Tuesday, May 14, 2013

Waving Good-Bye

  As I sat next to my son at the DMV today, waiting for our number to be called, I found myself suddenly fighting back tears.

 I'm not sure if there's a word for the emotion that causes these unbidden tears, but I know most parents are all too familiar with them. They're the ones you cry when something wonderful happens, but in that bit of wonderful, you feel you've lost something too.
 They're the tears you cry when your child says their first words or takes their first steps.
 They're the ones that fall when you drop them off for their first day of school or they ride their bike without training wheels for the first time.
They're the ones you cry behind the closed front door when they leave to spend the night away from home for the first time or to go out on their first date.

 They're also the tears you cry when they buy their first car.

 Well, I managed to make it out of the DMV without embarrassing either of us. I made it through the ride home, I made it through putting the new licence plates on his car, and I even made it through the hug and kiss he gave me when he thanked me for all my help.

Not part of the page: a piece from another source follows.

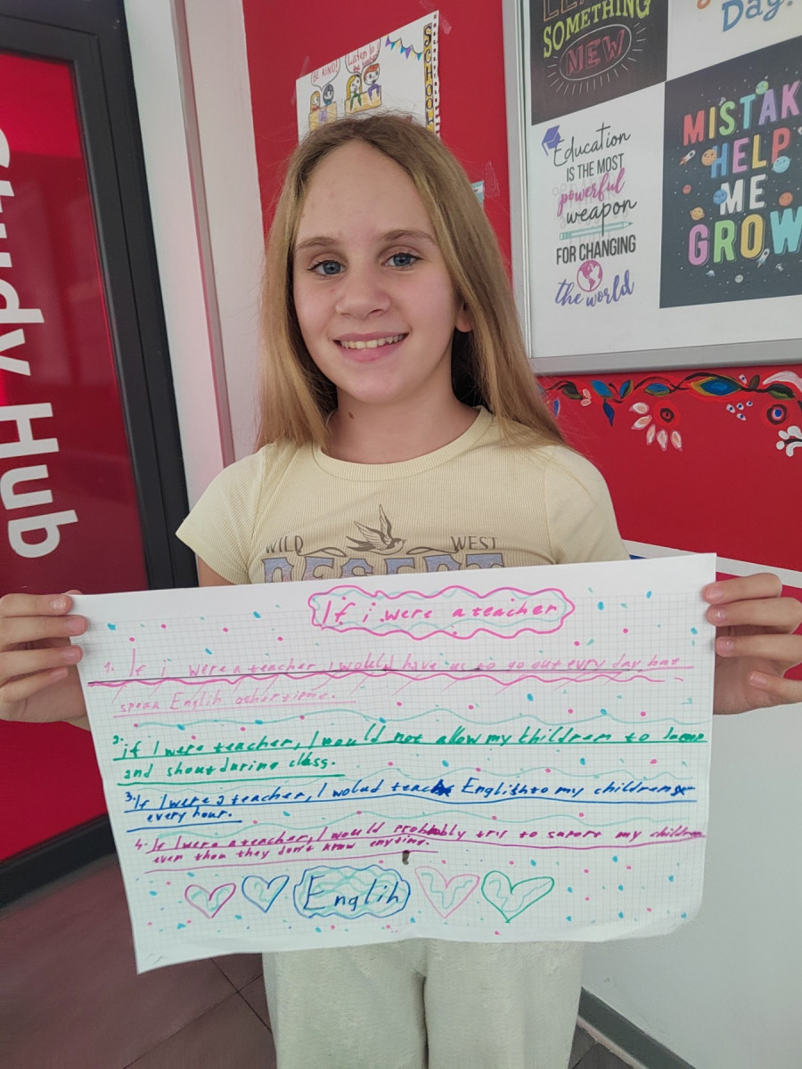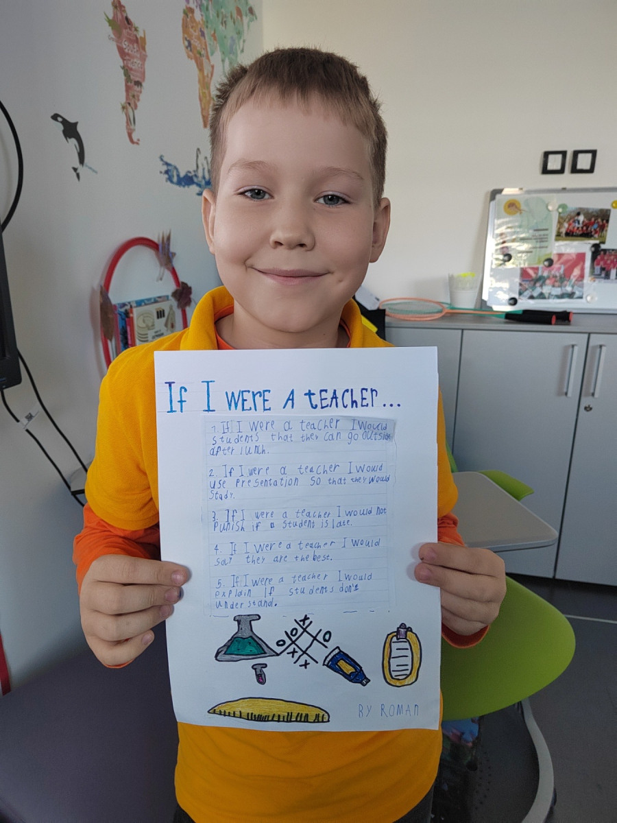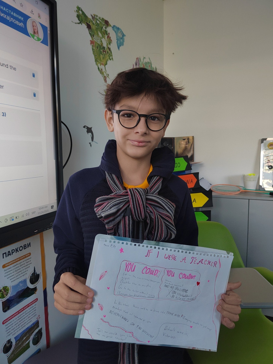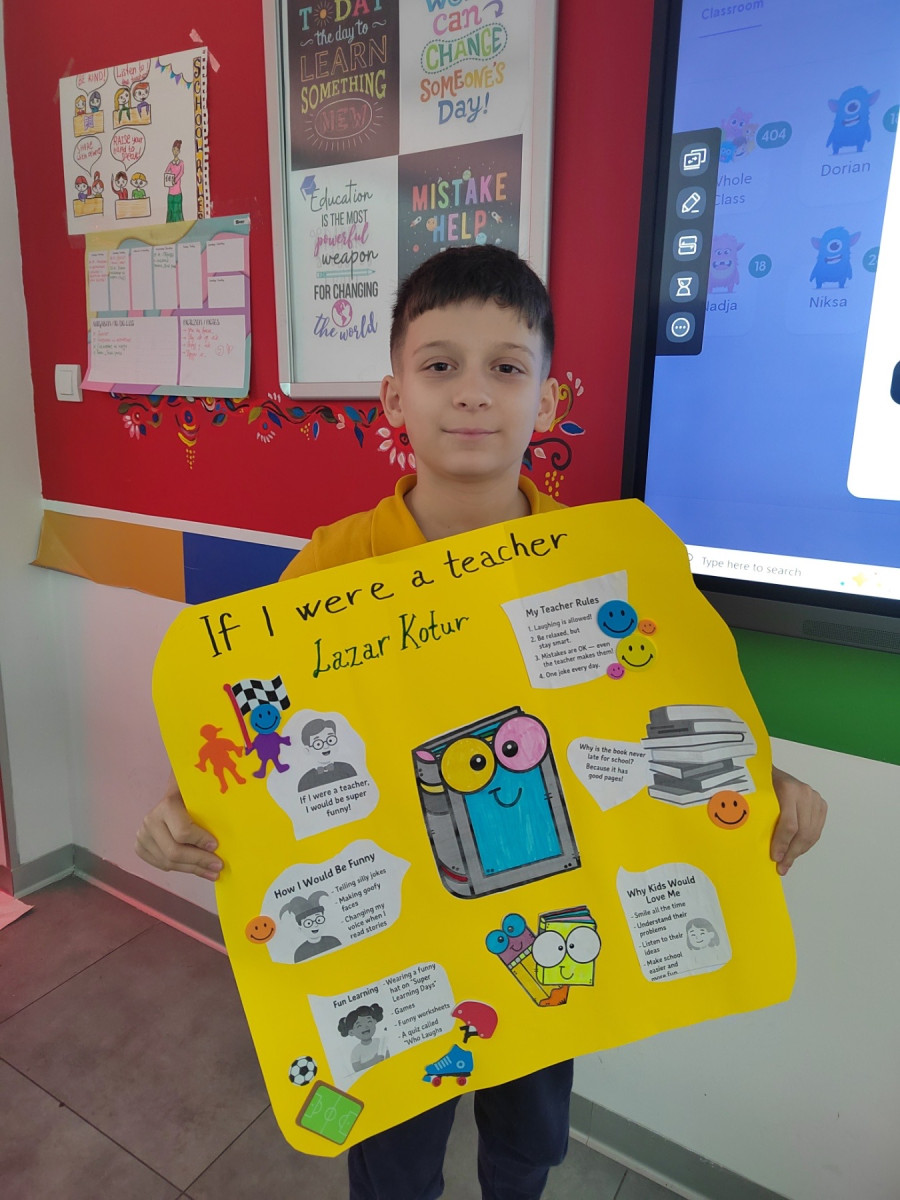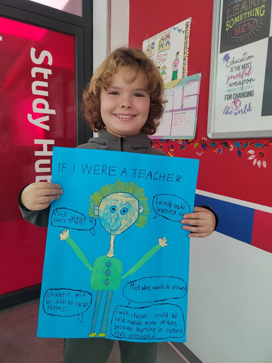 These works clearly show what children value — more freedom, support, understanding and fun, engaging ways of learning. Students proudly presented their posters to the class: some filled with colourful illustrations, others with carefully written texts, and some combining drawings with real “teacher rules”. Each work became a small window into a child’s thinking — honest, warm and completely authentic.

  Watching his smiling face as he drove down the street waving good-bye, that proved to be a little too much for me.
   The tears finally won the fight.




Thursday, May 2, 2013

Lazarus and The Two Finned Nine

  Sometime last week I depressed everyone, including myself, with my sad 'Little Rays of Sunshine" tale.
  Well, weep no more.
 Since the fish were gone, I decided to empty the pond so I could clean it. When I got down to about five inches of extremely murky water, I noticed a large, orange spot on the bottom of the pond. "What is that? Leaves?" I asked my husband. Then the orange spot started to move.
 "My fish!" I screamed (my neighbors for 3 blocks around don't need to read this post. They definitely heard me).
  It's true. The fish are alive and well and living in the pond. I don't know how they eluded me that day. The water was murky, but I thought, for sure, with all my poking around, they would've surfaced. They must have been hiding in the leaves at the bottom, traumatized by the Heron.
 The only other excuse I can think of is, perhaps it's some type of Easter season miracle; I did find the fish three days after I thought they were gone.